That must be why we're on the breadline.

tb · 10/10/2014 18:15

OP - so you didn't get any help to buy your house? Really??

I don't believe it!

DH and I bought our first house in 1977. The mortgage interest was tax deductible on loans up to, and including £15,000 if I remember correctly, and this was later increased to £25,000. The tax relief was given via an increase in the tax code.

The only people who couldn't benefit were those whose taxable income wasn't high enough. For them, there was the option mortgage scheme which then became the same for everyone - MIRAS - mortgage interest relief at source.

However, in the period between 1977 and 1992 we paid interest on our mortgage at anything between 10% and 16.5% as this was the standard variable rate at the time.

The UK used to have one of the best, if not the best occupational pension systems in the EU. Unfortunately, the chancellor, Gordon Brown decided to ruin by scrapping the system of ACT, advance corporation tax, which enable company pension schemes and individual investors to reclaim the ACT paid on dividends.
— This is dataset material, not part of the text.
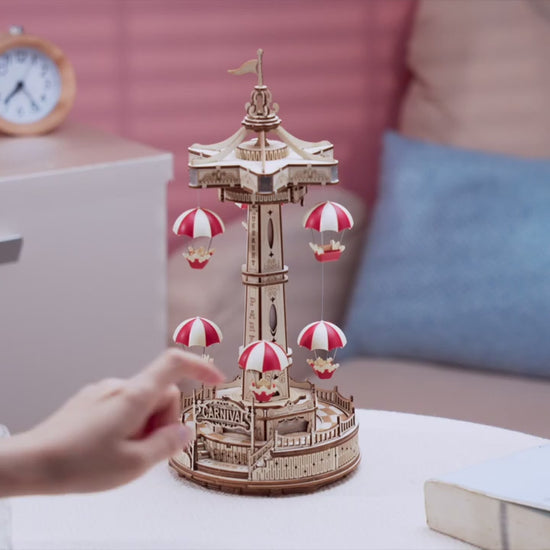 Step into a world of romance, nostalgia, and gentle motion with the ROKR Parachute Tower EA01, a beautifully engineered DIY wooden music box 3D puzzle from the Magic Amusement Park Series. Inspired by the iconic parachute tower ride found in classic amusement parks, this model re-imagines the experience with staggered up-and-down parachute movement, creating a more dynamic and captivating visual rhythm.

Without this 33% uplift in dividend income, many companies decided to close their final salary pension schemes, replacing them with defined benefit schemes, but putting in a much lower percentage employer's contribution.

DH worked in public service, and his employer's pension scheme was funded unlike many public sector ones, was contributory and was in surplus, so that the employer was granted contribution holidays in the 1980s.
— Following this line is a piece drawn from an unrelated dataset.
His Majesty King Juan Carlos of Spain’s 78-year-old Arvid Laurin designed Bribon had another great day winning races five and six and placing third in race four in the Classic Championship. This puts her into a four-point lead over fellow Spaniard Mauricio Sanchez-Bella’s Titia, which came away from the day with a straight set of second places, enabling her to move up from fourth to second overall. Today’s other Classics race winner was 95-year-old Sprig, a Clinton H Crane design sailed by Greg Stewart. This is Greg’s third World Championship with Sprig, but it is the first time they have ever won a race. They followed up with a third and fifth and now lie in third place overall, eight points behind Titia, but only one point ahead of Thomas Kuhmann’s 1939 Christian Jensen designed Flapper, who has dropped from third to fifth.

Unfortunately, while his salary was at a standstill for most of the 80s, I changed jobs on a regular basis so that we could make ends meet. To secure my retirement, I set up a personal pension with, unfortunately, Equitable Life, and it wasn't one of the guaranteed annuity ones. From a pension forecast of £15,000 I now receive £1799 but it's better than nothing.

During the Conservative government of the 1980s at about the time Maxwell stole the unfunded Mirror pension fund, and then mysteriously disappeared from his yacht, the government quoted a sum of £10 billion I think (when a billion was a million million, not a hundred million) to create a ring-fenced state pension fund, but decided to retain the pay as you go system that still exists. A great pity that they didn't bite the bullet.

Income tax could well increase. In 1976 when I started work, the standard rate of income tax was 33%, and the top rate something unthinkable like 95%. The bank base rate was 10%, and the APR for a personal loan something like 20%. Due to high rates of excise duty, the cheapest crappiest bottle of plonk was about £3 - so rather expensive.

People often quote the standard French occupational pension of 75% of final salary. BUT, once retired they still pay the equivalent of NI on their pension income, both occupational and state. Also, the standard rate of NI is well in excess of 20% in addition to the employers' rate, and employee charges on the employer are about 50% of an employers' revenue. And the system is at breaking point.